Le critère de jugement principal de cette étude sera le temps d'élimination du sang cisternal aigu par CT de surveillance (stratifié en présentant le grade Fischer), la nécessité d'un traitement endovasculaire du vasospasme ou d'un accident vasculaire cérébral dû au vasospasme, le temps passé dans l'unité de soins intensifs et la nécessité d'un shunt ventriculopéritonéal .

Concernant les tomodensitogrammes ; Les scanners de surveillance sont la norme de soins. Ils sont généralement effectués le jour de la mise en place de l'appareil et une imagerie ultérieure a lieu en attendant la résolution clinique du patient. Pour la plupart des patients, ils subissent une tomodensitométrie supplémentaire 1 à 2 jours après la mise en place initiale de l'appareil et une analyse finale le 7e jour de la mise en place de l'appareil. Si l'état clinique se détériore, les patients subiront une échographie supplémentaire pour surveiller les saignements intracrâniens. Les scans sont effectués dans le but clinique de surveiller la résolution des lésions intracrâniennes. Cette étude recueillerait les données obtenues à partir des scans.

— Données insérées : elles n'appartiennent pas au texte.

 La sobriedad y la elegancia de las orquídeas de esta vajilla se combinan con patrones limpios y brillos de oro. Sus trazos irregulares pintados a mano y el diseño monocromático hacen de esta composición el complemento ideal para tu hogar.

L'exposition totale résultant de ces études d'imagerie est estimée à environ 10 mSv. Un scanner crânien supplémentaire peut être réalisé si cliniquement indiqué avec une exposition de 2,5 mSv par scan. La fluoroscopie n'est pas systématiquement utilisée, mais si elle est cliniquement indiquée, elle peut être utilisée pendant la procédure de drainage lombaire avec une exposition au rayonnement de 1,5 mSv par minute. Cette quantité est supérieure à celle que l'on recevrait après une année d'exposition naturelle dans la région de San Diego, soit environ 1,6 mSv. L'exposition cumulative aux rayonnements peut augmenter le risque de développer certains types de cancer à l'avenir. Il est déterminé que cette imagerie fait partie des soins de routine et de la gestion de l'HSA. Dans cette étude, nous collecterons simplement des données à partir de ces images pour déterminer l'incidence clinique du vasospasme et la résolution du saignement cisternal.

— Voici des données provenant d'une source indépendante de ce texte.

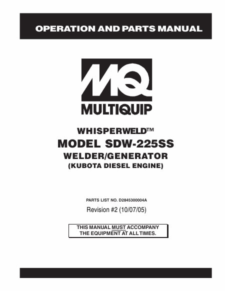 MULTIQUIP SDW-225SS Lista de piezas de repuesto Inglés
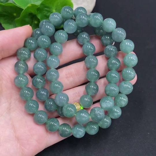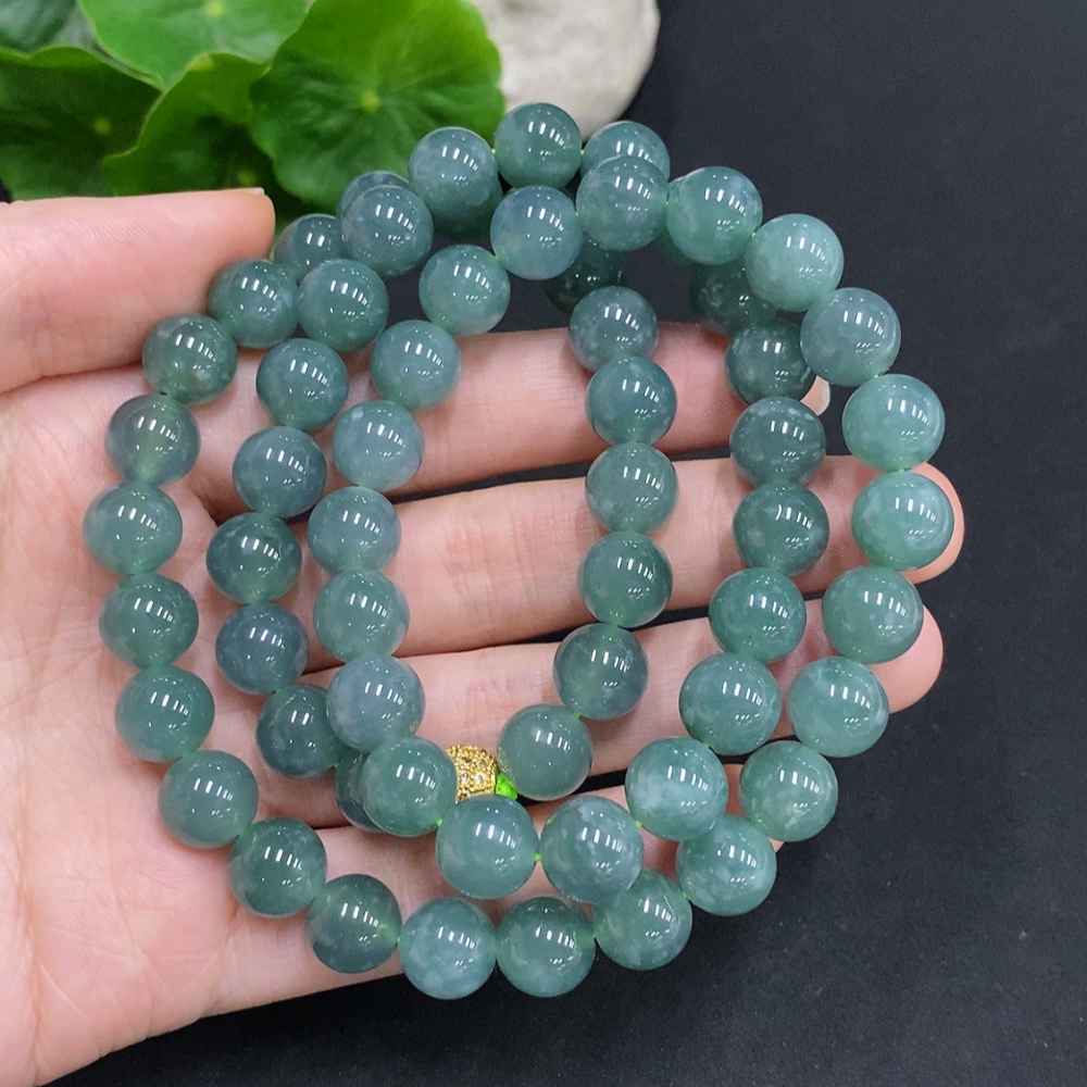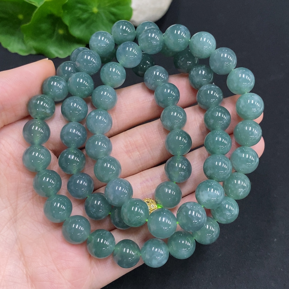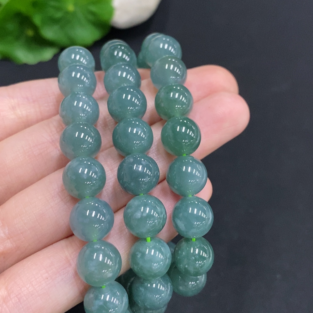 Jadeite Bead Necklace Approx.9.6mm Non-Gold Total Weight Approx.102.6g
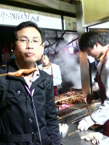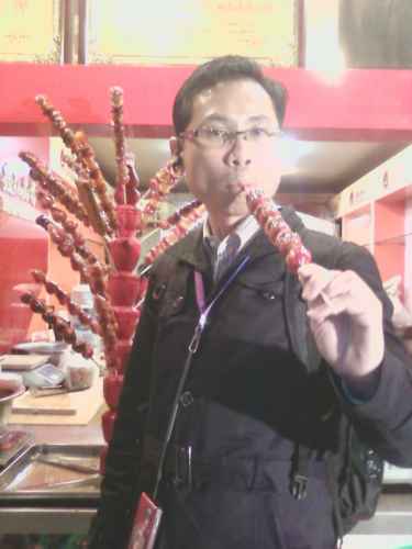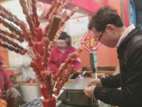 ภาพเหล่านี้กำลังเพลิดเพลินกับอาหารเสียบไม้เป็นบาบีคิวต่าง ๆ คลุกด้วยพริกป่นและหมาล่า แสนอร่อยจริง ๆ เราเดินกินจากต้นทางไปถึงปลายทางทีละไม้สองไม้ แกล้มด้วยพวกเกี้ยวและโรตี ก็อิ่มพอดี ที่เห็นในภาพเป็นผลไม้เคลือบน้ำตาลกรวดจนแข็งเป็นอาหารว่างหรือของหวานของจีนภาคเหนือแถบปักกิ่ง และทางอีสาน ของจีน ก็มี
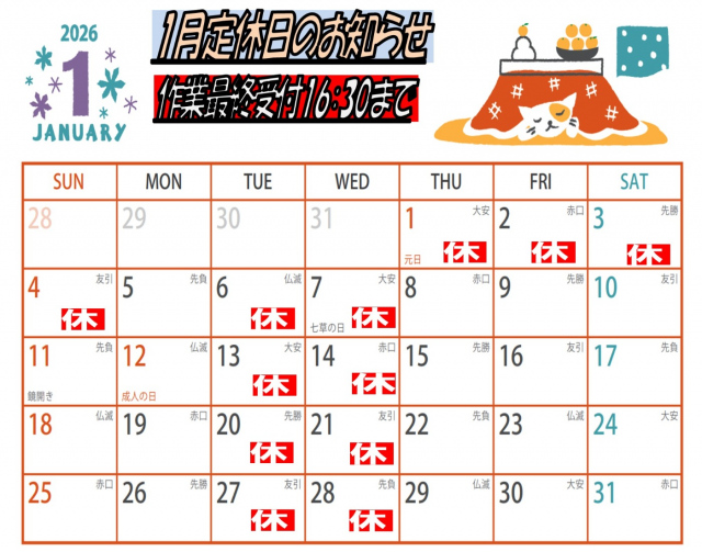 1月の店休日は1~4日までと 毎週火曜水曜日が店休日となっております。 よろしくお願いいたします。
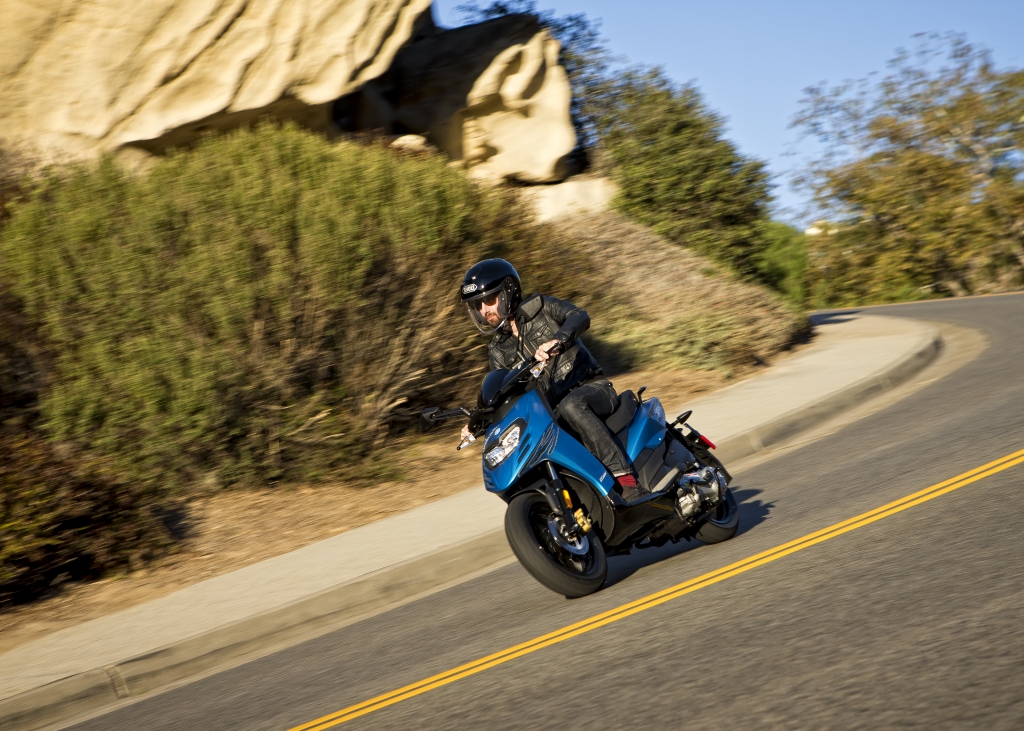 Компания Piaggio представила новый Typhoon 50 по очень соблазнительной цене – всего 1400 евро или 1850 долларов США. Новинка интересна внешне и показывает прекрасные результаты по динамике и скорости, благодаря обновленному двигателю. Двигатель теперь четырехтактный, четырехклапанный, объемом 49 см3. Охлаждение – воздушное. Также новинка оборудована 14 дюймовыми колесами и большим баком. Новый двигатель способен раскрутиться до 9500 оборотов, выдавая при этом 4,5 л.с. мощности. Максимальный крутящий момент достигается при 8000 оборотах. При этом максимальная скорость составляет скромный по итальянским меркам 65 км/ч.

Les critères du DSM ont été dérivés de Al Tamimi et al. Le calcul de puissance initial était basé sur l'étude 9 d'Al Tamimi et qui a démontré que pour une puissance de 85 %, 105 patients étaient nécessaires dans chaque bras de l'essai. Une analyse intermédiaire sera réalisée après recrutement de 40 patients afin d'établir les effets indésirables et une réévaluation complémentaire chez 100 patients pour déterminer si un bras de l'étude est supérieur à l'autre. Si cela est identifié, l'essai sera arrêté au recrutement de 100 patients. L'analyse statistique se poursuivra tout au long de l'essai. Si des différences statistiquement significatives entre les deux bras de l'étude sont identifiées plus tôt dans le processus d'inscription, l'étude sera interrompue. Un suivi aura lieu en interne dans lequel les différences entre les deux groupes seront examinées pour chaque 5 patients supplémentaires ajoutés aux deux groupes. Le contrôle interne sera effectué par (D.R.S.D., A.W., R.R., A.K., S.P.)

Les méthodes statistiques pour évaluer les données comprennent le test du chi carré, l'utilisation de tests t indépendants pour les données numériques normales et la comparaison des données catégorielles avec le test exact de Fisher. Une valeur P de 0,05 sera considérée comme cliniquement significative dans cette étude.